Reputation: 1304
(This is based on trying to map a Integer RDD to a TholdDropResult RDD, but we need to initialize a single SparkDoDrop to generate all the (10^8) TholdDropResults, hence the use of mapPartitionsWithIndex, the only flavor in Java of mapPartition that will provide the type of function we need, methinks.)
Question: I am getting an error using org.apache.spark.api.java.function.Function2
I am not able to figure out how to work the "boolean" into a new Function2
When I try this code, scroll right to see the new Function2
declaration that appears to be giving me trouble (added builder-style formatting from answer):
JavaRDD<TholdDropResult> dropResultsN = dataSetN.mapPartitionsWithIndex(
new Function2<Integer,
Iterator<Integer>,
Iterator<TholdDropResult>>(){
@Override
public Iterator<TholdDropResult> call(Integer partitionID, Iterator<Integer> integerIterator) throws Exception {
//
SparkDoDrop standin = makeNewSparkDoDrop();
standin.initializeLI();
List<TholdDropResult> rddToReturn = new ArrayList<>();
while (integerIterator.hasNext()){
rddToReturn.add(standin.call(integerIterator.next()));
}
return rddToReturn.iterator();
}});
dropResultsN.persist(StorageLevel.MEMORY_ONLY());
Here's the full error when I run gradle build
:
JavaRDD<TholdDropResult> dropResultsN = dataSetN.mapPartitionsWithIndex(new Function2<Integer, Iterator<Integer>, Iterator<TholdDropResult>>(){
required: Function2<Integer,Iterator<Integer>,Iterator<R>>,boolean
found: <anonymous Function2<Integer,Iterator<Integer>,Iterator<TholdDropResult>>>
reason: cannot infer type-variable(s) R
(actual and formal argument lists differ in length)
where R,T,This are type-variables:
R extends Object declared in method <R>mapPartitionsWithIndex(Function2<Integer,Iterator<T>,Iterator<R>>,boolean)
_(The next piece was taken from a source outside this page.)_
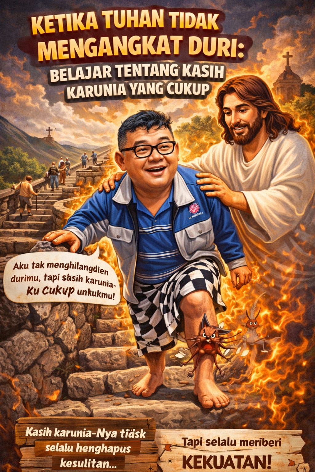 Kasih karunia sering kali disalahartikan sebagai jalan keluar dari penderitaan. Padahal kasih karunia adalah kehadiran dan pertolongan Allah di tengah penderitaan. Ia bukan selalu mengubah situasi, tetapi selalu mengubah hati.

T extends Object declared in class AbstractJavaRDDLike
This extends JavaRDDLike<T,This> declared in class AbstractJavaRDDLike
When I try to place the Boolean arg in there like so:
new Function2<Integer, Iterator<Integer>, Iterator<TholdDropResult>, Boolean>()
I get an error:
error: wrong number of type arguments; required 3
JavaRDD<TholdDropResult> dropResultsN = dataSetN.mapPartitionsWithIndex(new Function2<Integer, Iterator<Integer>, Iterator<TholdDropResult>, Boolean>(){
Finally if I use boolean
instead of Boolean
I get another error:
error: unexpected type
JavaRDD<TholdDropResult> dropResultsN = dataSetN.mapPartitionsWithIndex(new Function2<Integer, Iterator<Integer>, Iterator<TholdDropResult>, boolean>(){
^
required: reference
found: boolean
error: wrong number of type arguments; required 3
JavaRDD<TholdDropResult> dropResultsN = dataSetN.mapPartitionsWithIndex(new Function2<Integer, Iterator<Integer>, Iterator<TholdDropResult>, boolean>(){
Upvotes: 1
Views: 818
Reputation: 1304
This works, not sure why, but separating out the Function2 did the trick (of course I have not compiled and run yet :)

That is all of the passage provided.